Sonia, wiedząc, że Raskolnikow po popełnieniu podwójnego morderstwa jest
dręczony strasznym poczuciem winy, które przywiodło go niemal na skraj obłędu,
pragnie, aby i on dostrzegł, że opowiadanie o wskrzeszeniu Łazarza jest orędziem
miłosierdzia i nadziei zaadresowanym również do niego. Pragnie, aby uwierzył w
dobroć Boga, którego łaskawość jest zawsze większa od naszej grzeszności. I
rzeczywiście, spotkanie z Sonią, w czasie którego Rodion słucha słów Ewangelii
o wskrzeszeniu Łazarza staje się dla niego początkiem procesu nawrócenia, impulsem
prowadzącym do głębokiej, duchowej przemiany, która po pewnym czasie znajdzie wyraz
w przyznaniu się do winy, w głębokiej skrusze i pokucie. Życie Rodiona Raskolnikowa
opisane w powieści Dostojewskiego ma wymiar symbolu. Historia Kościoła to w
niemałym wymiarze historia niekiedy bardzo spektakularnych duchowych
wskrzeszeń, historia grzeszników, którzy byli bardzo głęboko pogrążeni w
śmierci duchowej i moralnej, a potem mocą łaski Bożej zostali przywróceni do
życia. Było ich wielu: Szaweł
z Tarsu, Clayton Anthony Fountain, Claude Newman, Aleksander Serenelli, Bernard
Nathanson, Jacques Fesch itd. To także historia każdego z nas. Nasze sumienia nie są
zapewne obciążone takimi zbrodniami, jakich dopuścili się wyżej wymienieni
„wskrzeszeni”, lecz przecież nie jeden już raz, przede wszystkim w sakramencie pokuty, Bóg przywracał nam
pełnię życia w łasce. To, czego On od nas oczekuje, to jedynie niestawianie
oporu mocy Jego Miłosierdzia. W 1867 roku Jan Matejko namalował obraz zatytułowany
Wskrzeszenie Łazarza. Bezpośrednim
bodźcem do powstanie tego dzieła była śmierć jego szwagra, czyli brata żony
Teodory, a także jego serdecznego przyjaciela, księdza Stanisława
Giebułtowskiego. Śmierć tego młodego jeszcze kapłana, uczestnika Powstania
Styczniowego, miała miejsce w mieszkaniu Matejków przy ulicy Krupniczej w
Warszawie dnia 13 kwietnia 1866 roku. Poprzedziła ją trwająca wiele dni agonia.

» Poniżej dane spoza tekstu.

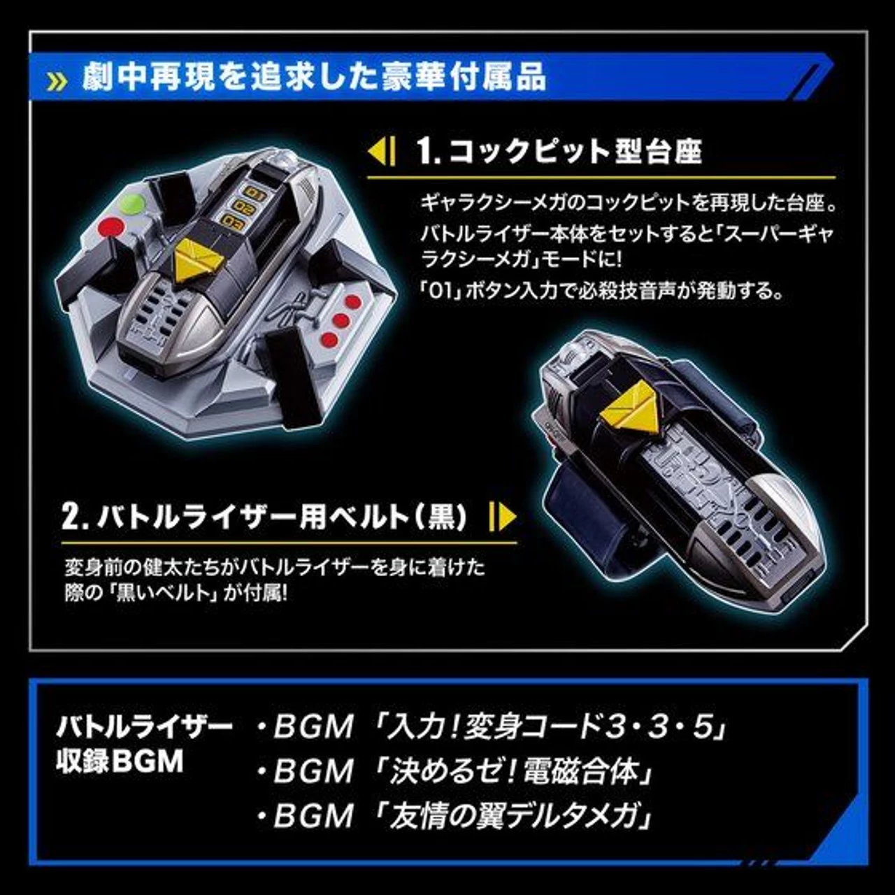 Also equipped with the theme song · BGM playback function. In “Digitizer”, the opening song “Electromagnetic Squadron Megaranger”, the ending song “I feel good”. “Battle riser” can play BGM “input! Transformation code 3 · 3 · 5”, “decision making! Electromagnetic combination”, “winged delta mega of friendship”.

Matejko bardzo przeżył śmierć swojego przyjaciela. Długo nie mógł się z nią
pogodzić. Na obrazie Łazarz ma właśnie rysy twarzy księdza Giebułtowskiego. W
centrum malowidła znajduje się Chrystus, który wyciąga prawą rękę. Jest ona
jednak skierowana nie w stronę Łazarza, lecz w stronę tych, którzy oglądają
obraz. Jezus wydaje się zwracać bezpośrednio do nas. Z jego postaci emanuje
Boska moc. Jakby chciał powiedzieć do każdego z nas: „Poddaj się Mojej mocy, a
będziesz żył”.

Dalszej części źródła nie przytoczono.